Age: 10 ¾ months
I like: Trying to climb laundry airers, digging up the flowers daddy planted, boobs
For about a week Little O had a snotty nose. We weren’t too worried about it because little humans forever have snotty noses. It’s all part of the immune system building process and most of the time they don’t even notice.
Towards the end of the week the snotty nose took a turn for the worse and Little O started coughing. By Friday night he was coughing so hard that he struggled to stop and projectile vomited over me and our bed at 3am. (This is why you spend the extra money on the mattress protector).
On Saturday he drifted between sobbing and sleeping all day. It was honestly horrible to experience. Little O is normally a very happy little chap. Sure, he cries but it’s normally because he’s been left alone for more than a minute, he’s being forced to sit in his high chair, his face is being wiped or he’s fallen over while trying some gymnastics that are beyond his physical capabilities.
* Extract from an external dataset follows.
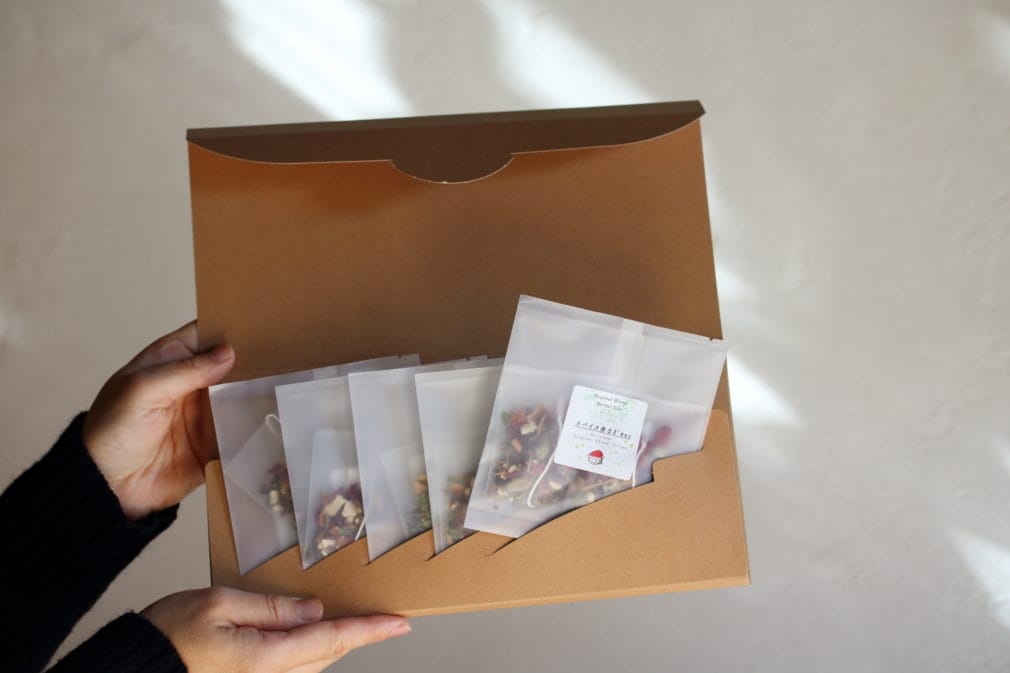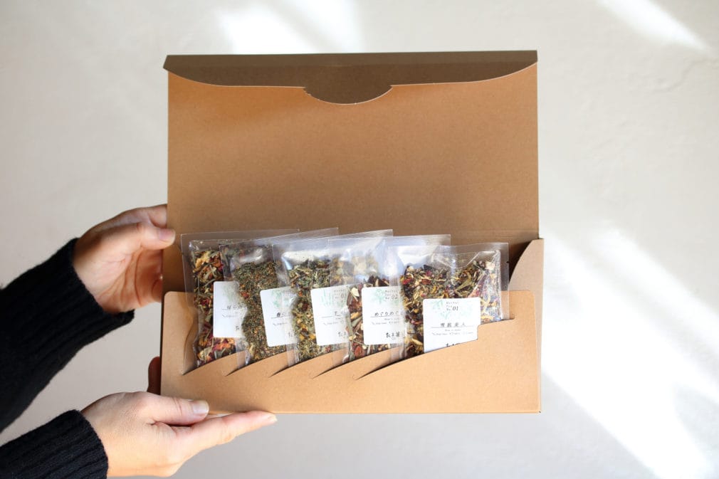 たま茶では、常時20種類ほどのオリジナルブレンドハーブティーをご用意しています。店頭では試飲を通して、お客様の好みや気分に寄り添いながらご提案をしていますが、遠方の方や初めての方にも気軽に楽しんでいただけるように、オンライン限定のお試しセットもご用意しました。

Having him just continuously cry for hours because he didn’t feel well is something we’ve not experienced before. And for the first time I feel like I really understand what people mean when they say “it’s different when it’s your child”. I am not sure that I would have been able to handle any living creature making that sound into my ear for more than a few minutes at a time but with Little O, I managed to rock him for hours.
Drifting in and out of sleep all day means that he’s ending up with a burst of energy in the evenings and bedtimes have been tough. He also struggles to sleep lying flat with all the phlegm so I’m currently sleeping sitting up with him lying on me, in between his coughs. Thank goodness he let Mr O hold him for a few hours on Saturday night or I would be even closer to the walking dead than I am now.
I hope he will soon be on the mend but I have a feeling the cough might linger a while. This morning he ate his breakfast for the first time in days though so that has to be a good sign. I just wish there was something I could do to make him feel better.